::: Extracted information :::

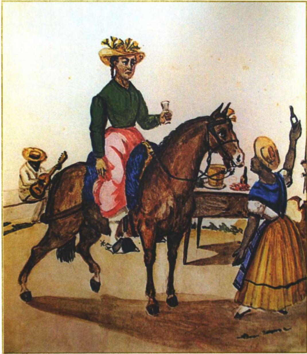
Mujer a caballo adornada con flores de Amancaes tomando chicha.
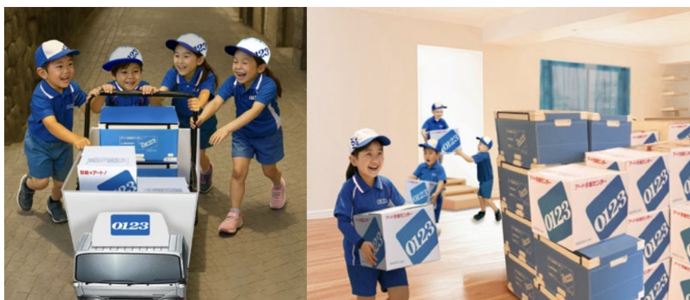
引越マスターイメージパース

このアクティビティを通じて、人生の節目となる引越について「運ぶだけ」でなく、「サービス業」としての可能性を感じてもらえる一助となることを目指します。
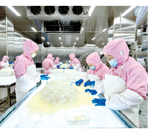
鹿邑县和一肉业有限公司牛肉精加工生产建设项目
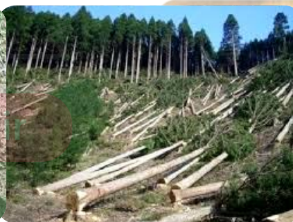
صفوی فارس، جهرم
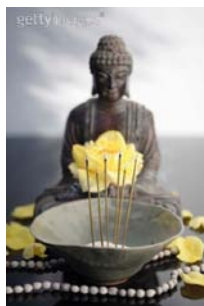
*sfeer foto's gemaakt door Stephany
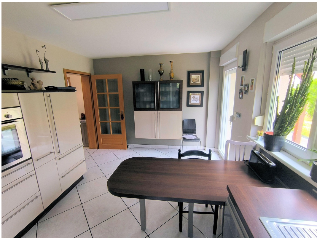
Küche - Essbereich
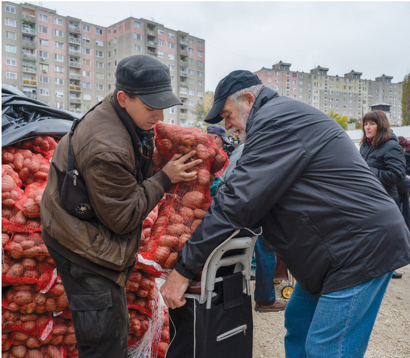
A jó minőségű, csaknem 300 tonna burgonya idén is Kiskunlacházáról érkezett

Az akció keretében fejenként 15 kilogramm burgonyát lehetett hazavinni

:::

*Task prompt*:
Set down the entries word for word, omitting all pictures.

*Response*:
Mujer a caballo adornada con flores de Amancaes tomando chicha.
引越マスターイメージパース

このアクティビティを通じて、人生の節目となる引越について「運ぶだけ」でなく、「サービス業」としての可能性を感じてもらえる一助となることを目指します。
鹿邑县和一肉业有限公司牛肉精加工生产建设项目
صفوی فارس، جهرم
*sfeer foto's gemaakt door Stephany
Küche - Essbereich
A jó minőségű, csaknem 300 tonna burgonya idén is Kiskunlacházáról érkezett

Az akció keretében fejenként 15 kilogramm burgonyát lehetett hazavinni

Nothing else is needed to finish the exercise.